Strength Exercises for weight loss

When you want to blast through fat, it’s obvious that you’ll need to do some cardio, but it’s equally important that you keep up some great strength exercises as well. While they may not burn as many calories during the time you’re completing them, they contribute to lean muscle growth which can turn your body into a fat burning machine that never stops running, regardless of whether you’re working out or sitting idle.

That said, some strength exercises are better than others. When your goal is weight loss, there are certain specific moves that will truly come in handy. It’s best to learn how to do them properly and then practice them on a regular basis.

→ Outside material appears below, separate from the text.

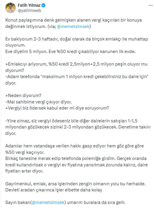 Yılmaz, vatandaşlara verilen hakkın emlakçılar tarafından gasp edildiğini hem de vergi kaçırıldığını söyleyerek sosyal medya hesabı X'ten Hazine Bakanı Mehmet Şimşek'e seslendi. İşte o paylaşım ve gelen yorumlar....

Try doing these overall strength exercises for weight loss two or three times every week. Don’t do them on consecutive days, as you need to give your muscles at least one day in between to rest and recover from the previous workout. That will allow you to build your strength and lean muscle mass but it will also help to prevent injury. Each of the following should also include a thirty to sixty second rest between each set.

Squat to overhead press – this move works the muscles in your shoulders, abs, butt, quadriceps and hamstrings. Use hand weights – 5 pounds is often a good starting weight – and complete three sets of 15 reps.

Step-up with bicep curl – this move works the muscles in your biceps, abs, butt, quadriceps and hamstrings. Again, you’ll need hand weights – the same 5 pounds will do – with three sets of 15 reps per side.

Dolphin plank – this move works the muscles in your abs, back and shoulders. For this, you’ll likely want to use a yoga mat to help you to stay in a solid plank formation before changing to an inverted V form. Three sets of 15 reps.

Superman – this move works the muscles in your back and your backside. It needs only a yoga mat as you’ll be lying on your stomach with your arms and legs extended and raised. Complete three sets of 15 reps.

Single-leg dumbbell row – this move works the muscles in your back, abs, shoulders, biceps, butt, quadriceps and hamstrings. You’ll need a solid chair and the same hand weights you’ve used in the earlier exercises on this list. Do three sets of 15 reps on each side.